(Source data)
......
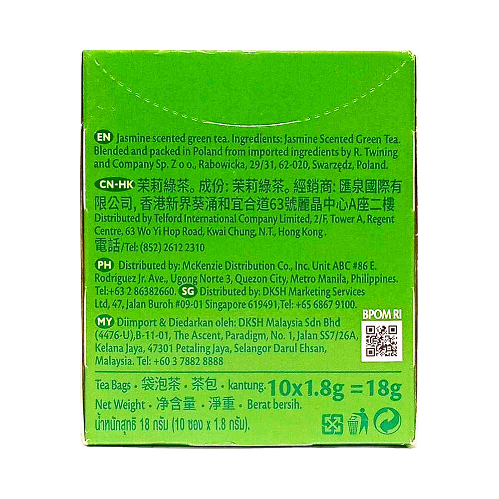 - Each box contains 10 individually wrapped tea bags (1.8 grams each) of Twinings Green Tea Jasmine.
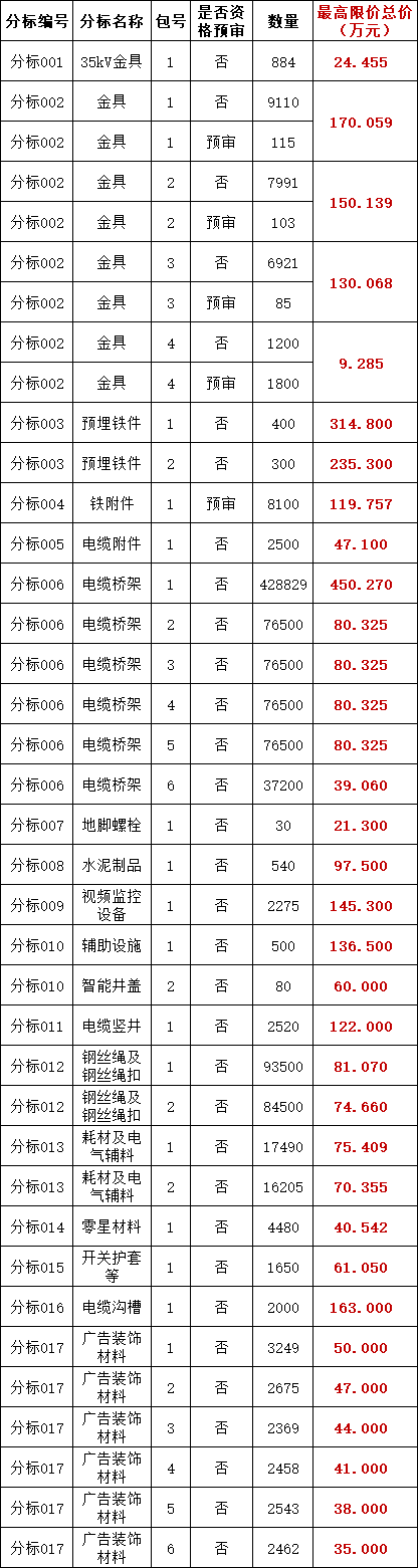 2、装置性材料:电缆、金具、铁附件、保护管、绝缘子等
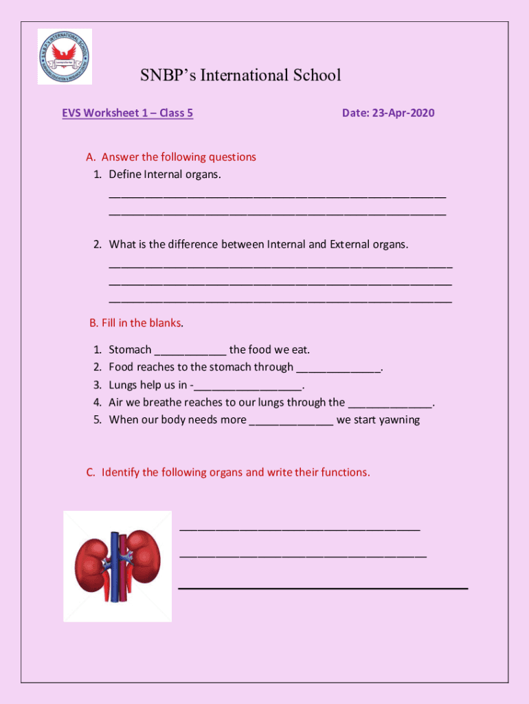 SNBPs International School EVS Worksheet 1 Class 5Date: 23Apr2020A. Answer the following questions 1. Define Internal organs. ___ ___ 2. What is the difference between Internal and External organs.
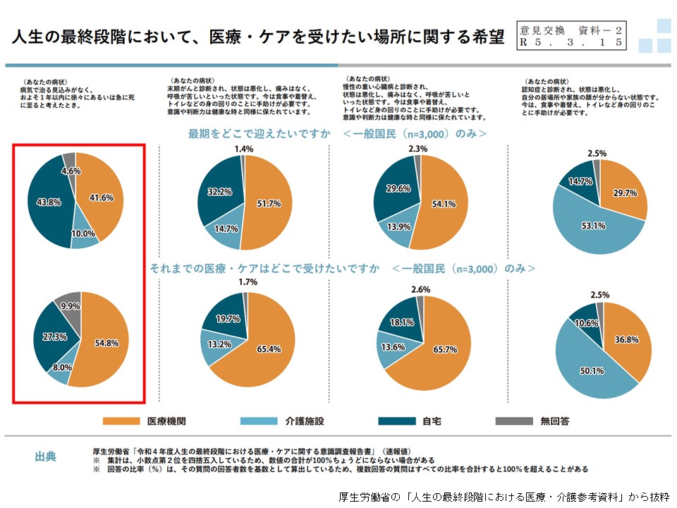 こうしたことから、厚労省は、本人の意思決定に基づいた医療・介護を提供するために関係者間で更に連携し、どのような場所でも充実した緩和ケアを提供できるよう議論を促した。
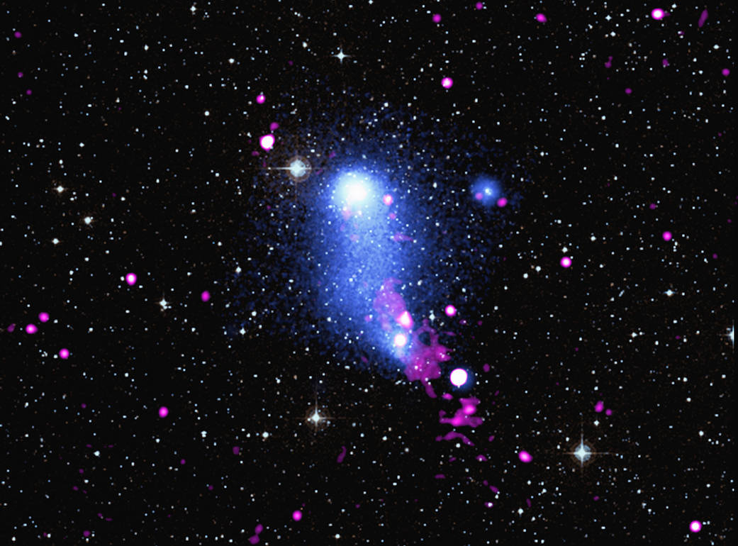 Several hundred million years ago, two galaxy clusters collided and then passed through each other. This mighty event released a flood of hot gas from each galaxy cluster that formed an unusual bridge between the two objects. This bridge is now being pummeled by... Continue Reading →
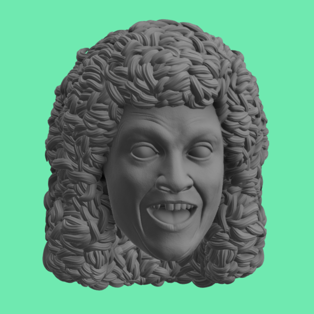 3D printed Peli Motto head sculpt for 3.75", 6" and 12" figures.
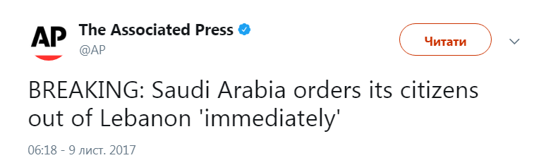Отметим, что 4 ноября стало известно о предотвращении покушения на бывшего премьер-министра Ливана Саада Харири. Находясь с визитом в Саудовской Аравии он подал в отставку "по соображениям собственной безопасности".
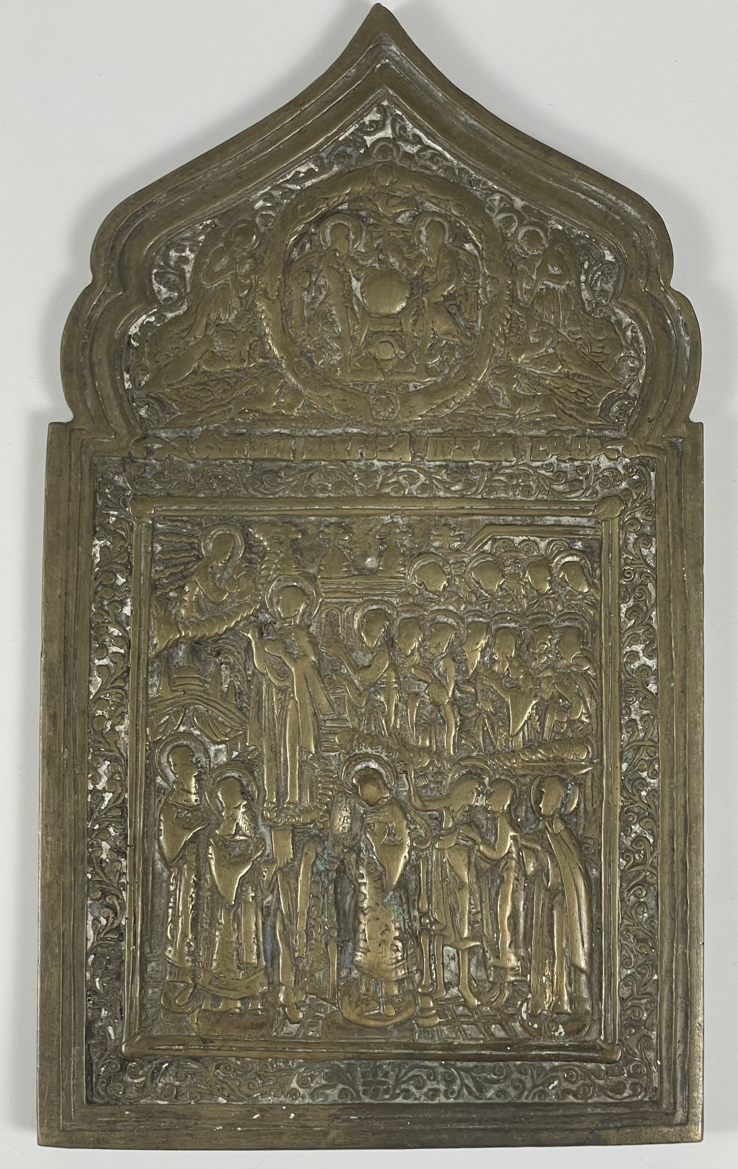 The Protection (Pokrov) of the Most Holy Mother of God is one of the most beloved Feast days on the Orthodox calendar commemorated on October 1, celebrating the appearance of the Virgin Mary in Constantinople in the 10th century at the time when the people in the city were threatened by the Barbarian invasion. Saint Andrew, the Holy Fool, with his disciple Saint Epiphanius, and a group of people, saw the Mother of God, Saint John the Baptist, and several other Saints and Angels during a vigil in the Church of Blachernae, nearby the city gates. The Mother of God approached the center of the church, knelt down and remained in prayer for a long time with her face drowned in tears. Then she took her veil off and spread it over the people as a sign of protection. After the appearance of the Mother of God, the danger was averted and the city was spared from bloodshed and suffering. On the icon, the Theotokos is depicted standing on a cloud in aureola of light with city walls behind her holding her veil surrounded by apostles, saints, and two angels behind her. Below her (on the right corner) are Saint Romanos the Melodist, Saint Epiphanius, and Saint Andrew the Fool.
......
Leaving out every picture, repeat exactly the lines of the records from the start through the line that has "Отметим, что 4".

 - Each box contains 10 individually wrapped tea bags (1.8 grams each) of Twinings Green Tea Jasmine.
 2、装置性材料:电缆、金具、铁附件、保护管、绝缘子等
 SNBPs International School EVS Worksheet 1 Class 5Date: 23Apr2020A. Answer the following questions 1. Define Internal organs. ___ ___ 2. What is the difference between Internal and External organs.
 こうしたことから、厚労省は、本人の意思決定に基づいた医療・介護を提供するために関係者間で更に連携し、どのような場所でも充実した緩和ケアを提供できるよう議論を促した。
 Several hundred million years ago, two galaxy clusters collided and then passed through each other. This mighty event released a flood of hot gas from each galaxy cluster that formed an unusual bridge between the two objects. This bridge is now being pummeled by... Continue Reading →
 3D printed Peli Motto head sculpt for 3.75", 6" and 12" figures.
Отметим, что 4 ноября стало известно о предотвращении покушения на бывшего премьер-министра Ливана Саада Харири. Находясь с визитом в Саудовской Аравии он подал в отставку "по соображениям собственной безопасности".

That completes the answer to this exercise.